Justiça proíbe aumento de velocidade em São Paulo: “retrocesso social”, afirma juiz
Mudança passaria a valer dia 25 de janeiro. Prefeitura precisará apresentar estudos comprovando que não haverá aumento de acidentes e mortes.
A Prefeitura de São Paulo foi proibida pela justiça de aumentar os limites de velocidade nas Marginais Pinheiros e Tietê. A gestão João Doria (PSDB) pretendia aplicar a mudança a partir do dia 25 de janeiro, aniversário da cidade.
A decisão liminar foi concedida na sexta-feira, 20 de janeiro, em resposta à Ação Civil Pública movida pela Associação dos Ciclistas Urbanos de São Paulo (Ciclocidade). O pedido baseou-se principalmente na falta de garantias, por parte da administração municipal, de que a medida não colocaria em risco à vida de quem circula por aquelas vias.
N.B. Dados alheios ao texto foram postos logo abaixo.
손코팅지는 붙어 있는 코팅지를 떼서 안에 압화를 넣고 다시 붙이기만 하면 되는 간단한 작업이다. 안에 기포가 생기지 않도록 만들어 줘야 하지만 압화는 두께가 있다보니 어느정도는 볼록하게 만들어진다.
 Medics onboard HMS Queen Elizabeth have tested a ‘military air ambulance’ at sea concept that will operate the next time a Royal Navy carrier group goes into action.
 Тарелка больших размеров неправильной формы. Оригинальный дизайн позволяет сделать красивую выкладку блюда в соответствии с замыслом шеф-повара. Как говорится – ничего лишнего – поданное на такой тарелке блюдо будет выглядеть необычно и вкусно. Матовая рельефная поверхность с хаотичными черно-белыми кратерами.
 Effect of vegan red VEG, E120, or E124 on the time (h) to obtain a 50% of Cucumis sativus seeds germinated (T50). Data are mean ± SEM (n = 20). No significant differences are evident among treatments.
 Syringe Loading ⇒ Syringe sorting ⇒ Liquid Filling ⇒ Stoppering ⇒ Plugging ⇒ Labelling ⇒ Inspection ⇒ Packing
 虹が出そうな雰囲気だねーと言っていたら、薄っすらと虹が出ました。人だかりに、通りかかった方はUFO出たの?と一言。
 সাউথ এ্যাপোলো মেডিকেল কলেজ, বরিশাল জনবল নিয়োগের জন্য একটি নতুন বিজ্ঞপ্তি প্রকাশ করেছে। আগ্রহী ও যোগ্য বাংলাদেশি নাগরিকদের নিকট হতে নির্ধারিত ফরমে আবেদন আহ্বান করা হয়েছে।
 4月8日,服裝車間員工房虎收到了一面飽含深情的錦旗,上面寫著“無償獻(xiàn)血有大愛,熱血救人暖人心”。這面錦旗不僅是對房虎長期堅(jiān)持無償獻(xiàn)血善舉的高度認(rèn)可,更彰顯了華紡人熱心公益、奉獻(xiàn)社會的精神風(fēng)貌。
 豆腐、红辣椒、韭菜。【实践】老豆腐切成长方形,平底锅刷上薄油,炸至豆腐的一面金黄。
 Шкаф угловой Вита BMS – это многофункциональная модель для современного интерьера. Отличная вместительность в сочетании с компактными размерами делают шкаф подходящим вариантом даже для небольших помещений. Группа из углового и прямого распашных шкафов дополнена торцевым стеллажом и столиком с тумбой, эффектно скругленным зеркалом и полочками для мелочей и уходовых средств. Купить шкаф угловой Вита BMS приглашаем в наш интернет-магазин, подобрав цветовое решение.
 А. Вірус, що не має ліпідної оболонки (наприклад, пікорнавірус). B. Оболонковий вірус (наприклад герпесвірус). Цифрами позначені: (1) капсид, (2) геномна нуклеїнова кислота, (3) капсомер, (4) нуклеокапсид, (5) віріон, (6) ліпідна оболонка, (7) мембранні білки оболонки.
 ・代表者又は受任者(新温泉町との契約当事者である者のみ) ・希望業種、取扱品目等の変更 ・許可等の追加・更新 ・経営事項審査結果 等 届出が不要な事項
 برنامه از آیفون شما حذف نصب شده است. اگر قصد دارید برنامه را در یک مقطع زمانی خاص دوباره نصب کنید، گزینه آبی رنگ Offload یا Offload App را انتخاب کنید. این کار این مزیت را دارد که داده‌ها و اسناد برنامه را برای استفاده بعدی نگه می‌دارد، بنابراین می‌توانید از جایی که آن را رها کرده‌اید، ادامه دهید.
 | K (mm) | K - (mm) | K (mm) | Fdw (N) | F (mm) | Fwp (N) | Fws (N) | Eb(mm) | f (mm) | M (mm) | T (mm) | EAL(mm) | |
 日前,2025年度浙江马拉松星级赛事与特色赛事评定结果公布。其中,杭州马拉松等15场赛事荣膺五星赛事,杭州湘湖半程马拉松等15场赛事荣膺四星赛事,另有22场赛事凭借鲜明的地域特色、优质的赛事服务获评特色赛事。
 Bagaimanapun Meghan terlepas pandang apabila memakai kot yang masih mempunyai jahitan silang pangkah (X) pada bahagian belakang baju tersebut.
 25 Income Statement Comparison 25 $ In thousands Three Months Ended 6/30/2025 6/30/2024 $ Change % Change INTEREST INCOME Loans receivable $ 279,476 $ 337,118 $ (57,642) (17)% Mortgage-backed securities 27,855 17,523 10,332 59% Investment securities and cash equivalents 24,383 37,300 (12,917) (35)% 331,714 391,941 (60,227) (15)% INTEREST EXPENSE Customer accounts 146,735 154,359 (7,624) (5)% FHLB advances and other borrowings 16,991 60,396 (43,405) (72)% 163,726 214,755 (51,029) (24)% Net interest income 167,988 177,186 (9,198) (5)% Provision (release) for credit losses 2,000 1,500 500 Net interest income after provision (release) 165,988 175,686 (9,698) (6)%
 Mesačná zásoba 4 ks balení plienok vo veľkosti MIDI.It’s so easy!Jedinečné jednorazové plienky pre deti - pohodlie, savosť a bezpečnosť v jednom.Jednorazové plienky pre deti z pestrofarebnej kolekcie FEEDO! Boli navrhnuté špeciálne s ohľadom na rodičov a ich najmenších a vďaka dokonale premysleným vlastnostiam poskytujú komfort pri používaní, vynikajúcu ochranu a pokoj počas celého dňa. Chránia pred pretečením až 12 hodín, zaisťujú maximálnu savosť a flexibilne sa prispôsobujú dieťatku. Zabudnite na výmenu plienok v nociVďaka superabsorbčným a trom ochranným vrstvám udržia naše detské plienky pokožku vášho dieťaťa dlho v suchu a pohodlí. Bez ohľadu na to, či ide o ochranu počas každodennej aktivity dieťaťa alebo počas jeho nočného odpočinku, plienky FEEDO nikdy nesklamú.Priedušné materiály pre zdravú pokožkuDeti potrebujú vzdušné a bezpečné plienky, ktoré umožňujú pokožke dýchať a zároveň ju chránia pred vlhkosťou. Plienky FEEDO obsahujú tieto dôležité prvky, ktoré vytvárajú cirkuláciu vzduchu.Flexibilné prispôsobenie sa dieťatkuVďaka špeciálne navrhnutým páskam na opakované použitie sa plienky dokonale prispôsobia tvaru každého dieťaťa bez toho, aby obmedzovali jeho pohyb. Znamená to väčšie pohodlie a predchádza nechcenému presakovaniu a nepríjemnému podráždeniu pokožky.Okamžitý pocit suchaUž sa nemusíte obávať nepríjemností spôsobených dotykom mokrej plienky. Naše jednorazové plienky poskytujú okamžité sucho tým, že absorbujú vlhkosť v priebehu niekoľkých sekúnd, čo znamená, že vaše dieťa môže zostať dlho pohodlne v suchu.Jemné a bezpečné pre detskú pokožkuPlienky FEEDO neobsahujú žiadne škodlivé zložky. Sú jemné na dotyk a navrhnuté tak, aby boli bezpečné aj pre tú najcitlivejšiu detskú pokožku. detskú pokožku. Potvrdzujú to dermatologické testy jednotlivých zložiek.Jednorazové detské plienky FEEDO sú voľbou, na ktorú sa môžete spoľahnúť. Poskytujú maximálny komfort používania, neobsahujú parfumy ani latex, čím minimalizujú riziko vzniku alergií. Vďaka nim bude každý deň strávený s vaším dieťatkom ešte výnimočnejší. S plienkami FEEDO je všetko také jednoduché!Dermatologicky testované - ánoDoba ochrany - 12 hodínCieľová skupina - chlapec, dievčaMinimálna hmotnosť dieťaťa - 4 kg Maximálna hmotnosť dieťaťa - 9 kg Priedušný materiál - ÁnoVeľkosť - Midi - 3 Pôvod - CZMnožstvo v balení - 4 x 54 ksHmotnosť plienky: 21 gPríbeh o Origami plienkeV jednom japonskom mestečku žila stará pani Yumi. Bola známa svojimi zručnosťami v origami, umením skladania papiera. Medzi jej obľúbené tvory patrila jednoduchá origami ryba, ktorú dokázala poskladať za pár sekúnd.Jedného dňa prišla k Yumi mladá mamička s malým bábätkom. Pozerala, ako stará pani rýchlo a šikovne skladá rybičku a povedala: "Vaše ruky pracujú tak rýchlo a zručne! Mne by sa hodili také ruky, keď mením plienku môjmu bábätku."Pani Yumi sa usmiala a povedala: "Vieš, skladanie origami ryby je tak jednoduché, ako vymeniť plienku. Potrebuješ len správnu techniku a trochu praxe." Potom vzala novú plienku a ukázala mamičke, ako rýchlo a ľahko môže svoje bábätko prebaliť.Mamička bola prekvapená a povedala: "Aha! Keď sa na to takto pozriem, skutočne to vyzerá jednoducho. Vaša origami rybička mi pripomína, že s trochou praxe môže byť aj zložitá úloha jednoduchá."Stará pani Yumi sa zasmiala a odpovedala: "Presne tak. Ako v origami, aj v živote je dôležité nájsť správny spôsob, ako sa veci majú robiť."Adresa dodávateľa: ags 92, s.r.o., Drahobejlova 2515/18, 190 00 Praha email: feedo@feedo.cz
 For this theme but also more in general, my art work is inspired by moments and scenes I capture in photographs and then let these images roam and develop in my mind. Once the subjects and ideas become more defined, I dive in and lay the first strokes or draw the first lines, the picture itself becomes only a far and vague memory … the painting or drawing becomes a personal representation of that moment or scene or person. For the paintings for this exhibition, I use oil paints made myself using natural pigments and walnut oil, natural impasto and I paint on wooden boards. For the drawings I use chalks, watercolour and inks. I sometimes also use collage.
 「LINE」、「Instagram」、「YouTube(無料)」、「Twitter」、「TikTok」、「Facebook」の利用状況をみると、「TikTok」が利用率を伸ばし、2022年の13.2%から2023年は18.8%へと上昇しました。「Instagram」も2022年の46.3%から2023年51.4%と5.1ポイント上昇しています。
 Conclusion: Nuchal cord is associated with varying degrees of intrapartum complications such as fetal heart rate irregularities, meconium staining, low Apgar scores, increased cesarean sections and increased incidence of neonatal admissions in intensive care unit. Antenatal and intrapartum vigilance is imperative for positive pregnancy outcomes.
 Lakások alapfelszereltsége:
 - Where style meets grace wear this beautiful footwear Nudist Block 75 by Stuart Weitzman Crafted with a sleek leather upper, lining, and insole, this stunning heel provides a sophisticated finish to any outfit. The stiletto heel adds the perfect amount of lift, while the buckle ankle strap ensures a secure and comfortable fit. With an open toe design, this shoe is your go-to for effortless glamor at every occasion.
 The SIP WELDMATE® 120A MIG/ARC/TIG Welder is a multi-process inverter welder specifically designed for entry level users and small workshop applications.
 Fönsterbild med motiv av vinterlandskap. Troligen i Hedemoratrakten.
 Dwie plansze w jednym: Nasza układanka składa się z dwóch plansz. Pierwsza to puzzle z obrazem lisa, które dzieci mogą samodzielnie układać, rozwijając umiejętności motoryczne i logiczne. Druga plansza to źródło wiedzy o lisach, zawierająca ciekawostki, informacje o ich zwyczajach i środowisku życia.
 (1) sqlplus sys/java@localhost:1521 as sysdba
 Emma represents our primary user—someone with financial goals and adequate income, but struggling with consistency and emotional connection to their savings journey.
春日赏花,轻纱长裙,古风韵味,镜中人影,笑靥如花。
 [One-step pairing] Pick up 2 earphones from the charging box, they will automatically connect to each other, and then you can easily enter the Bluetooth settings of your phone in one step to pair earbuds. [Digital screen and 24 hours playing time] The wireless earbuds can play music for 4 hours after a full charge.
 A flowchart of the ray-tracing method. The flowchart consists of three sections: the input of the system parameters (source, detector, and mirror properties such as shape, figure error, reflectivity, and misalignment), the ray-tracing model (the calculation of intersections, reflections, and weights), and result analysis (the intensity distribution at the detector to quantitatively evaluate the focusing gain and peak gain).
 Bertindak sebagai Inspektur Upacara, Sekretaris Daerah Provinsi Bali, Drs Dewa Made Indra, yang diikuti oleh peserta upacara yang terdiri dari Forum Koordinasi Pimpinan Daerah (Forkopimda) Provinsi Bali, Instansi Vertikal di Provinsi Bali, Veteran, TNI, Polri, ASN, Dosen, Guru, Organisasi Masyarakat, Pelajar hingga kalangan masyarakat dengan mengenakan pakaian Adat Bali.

“Não dá para testar programas desse porte em vidas humanas”, resume Rene Fernandes, diretor da Ciclocidade. “Quando o presidente da CET fala do programa Marginal Segura, considera melhorar a fluidez do tráfego e o número de veículos, mas ignora a possibilidade de atropelamentos e colisões que vão ocasionar lesões corporais e mortes”, completa.
Retrocesso social
Na decisão judicial, o juiz Luis Manuel Fonseca Pires afirma: “A redução de velocidade nas marginais qualifica-se como um ato que se integra num programa que se estende por anos (…), uma sequência de ações voltadas a um escopo claro, a segurança do trânsito e a preservação de vidas (…) e não podem ser ignorados sem que haja substancial fundamentação, sob pena de caracterização de um retrocesso social.”
No primeiro ano após a redução do limite de velocidade, as mortes nas marginais caíram 52% – 33 mortes a menos que no período anterior. São 33 famílias que deixaram de perder um ente querido, sem contar tantas outras pessoas que viveriam com sequelas ou amputações pelo resto de suas vidas. São pessoas e famílias que continuam vivendo como sempre viveram, sem suspeitar de seu destino anterior.
Milhares de pedestres por dia
“As Marginais Pinheiros e Tietê são talvez os corredores por onde mais circulam pessoas, em todos os modos de transporte”, afirma a associação. O discurso de que não há pedestres e ciclistas na marginal não resiste a uma rápida espiada nos números levantados por duas contagens de pedestres e ciclistas, realizadas em conjunto pela Ciclocidade e pela Cidadeapé (Associação pela Mobilidade a Pé em São Paulo), que apoia a Ação Civil.
Em apenas um ponto da marginal Pinheiros, mais de 19,3 mil pedestres circularam entre 6h e 20h. Na ponte da Freguesia do Ó, na Marginal Tietê, foram 643 ciclistas. “Esse número é superior à população de mais da metade dos municípios brasileiros”, aponta a instituição.
Estudos não foram apresentados
“Não é possível a derrogação súbita de um projeto”, declara o juiz em sua decisão, “sem que haja estudos que revelem alternativas à mudança da política pública, o que deve contar com uma fundamentação contextualizada da razão pela qual a política pública adotada deve ser interrompida, ou melhor, direcionada em sentido contrário ao que se orientava.”
Em diversas ocasiões, o secretário Municipal de Mobilidade e Transportes afirmou existirem estudos que comprovariam que a mudança nos limites de velocidade não traria um aumento de colisões e atropelamentos. Entretanto, esses estudos nunca foram mostrados – nem mesmo na apresentação oficial do plano operacional “Marginal Segura”.
Por outro lado, em 2015 a secretaria apresentou estudo demonstrando o contrário. O documento esclarecia que:
- o risco de morte cresce com o aumento de velocidade
- a energia dos impactos é maior em velocidades mais altas, o que causa mais danos materiais e ferimentos
- a distância que um veículo se desloca até que o motorista consiga reagir e iniciar a frenagem também aumenta
Curiosamente, o documento sumiu do site da CET. Precavidos que somos, guardamos uma cópia, que pode ser baixada aqui.
Defesa
A prefeitura tem 30 dias para apresentar a defesa, “sob pena de serem presumidos como verdadeiros os fatos articulados”. Em nota, a administração municipal declarou que a liminar será cumprida – ou seja, as velocidades não serão aumentadas, ao menos nesse momento. Mas já avisa que recorrerá da decisão.
Entretanto, sem a apresentação de estudos que convençam a justiça sobre o que o prefeito João Dória, o secretário Sergio Avelleda e o presidente da CET João Octaviano Neto vêm afirmando – que o aumento dos limites de velocidade não incorrerá em mais acidentes e mortes -, será difícil cumprir a polêmica promessa de campanha.
Nenhum dos três se comprometeu a rever o programa caso o número de acidentes volte a aumentar com a mudança.